▸ **RECORDED INFORMATION**:
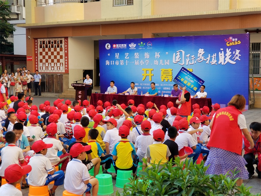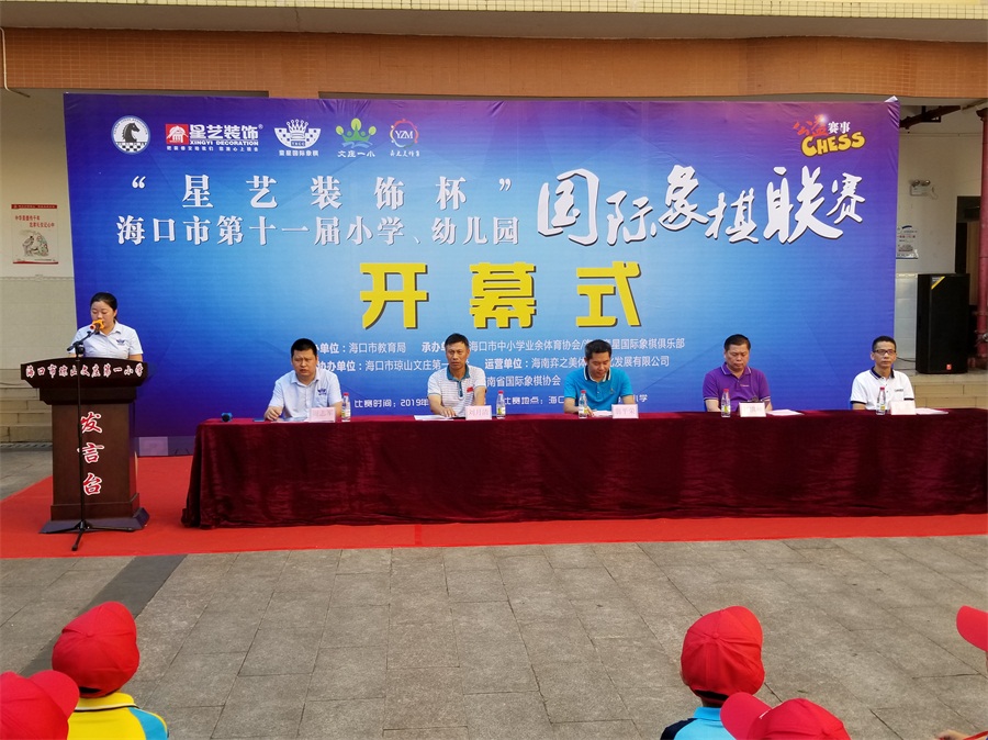 2019年“星藝裝飾杯”海口市第十一屆小學、幼兒園國際象棋聯賽開幕式于5月18日在海口市瓊山文莊第一小學隆重開賽。
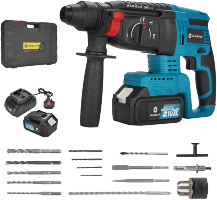 Cordless Electric Hammer Drill, 21V High Power, With 17 Pieces Accessories Bit Set, for Metal Concrete & Wood Drilling, With Two Lithium Batteries-Blue Color 299.00ر.س 265.00ر.س
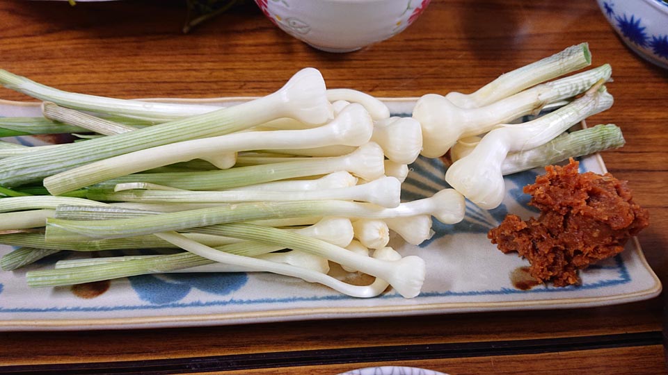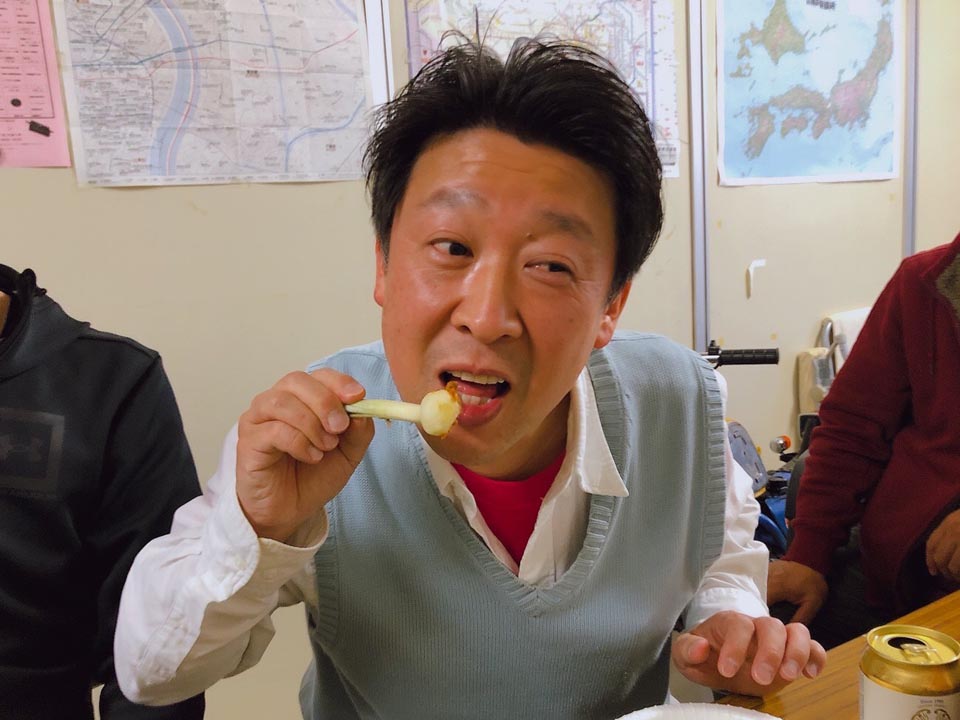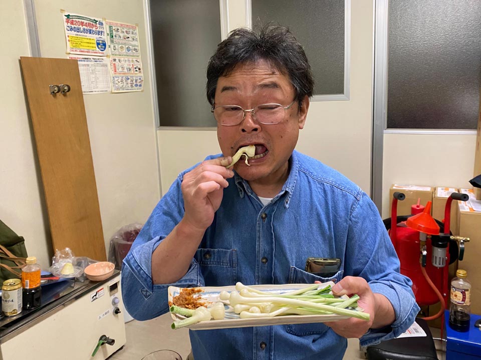 超ジャンボノビルを齧るマヌケ面のオッサン(ワハハー)

▸ **YOUR TASK**: Could you please return each line of the material exactly, dropping the pictures?

▸ **RESULT**:
 2019年“星藝裝飾杯”海口市第十一屆小學、幼兒園國際象棋聯賽開幕式于5月18日在海口市瓊山文莊第一小學隆重開賽。
 Cordless Electric Hammer Drill, 21V High Power, With 17 Pieces Accessories Bit Set, for Metal Concrete & Wood Drilling, With Two Lithium Batteries-Blue Color 299.00ر.س 265.00ر.س
 超ジャンボノビルを齧るマヌケ面のオッサン(ワハハー)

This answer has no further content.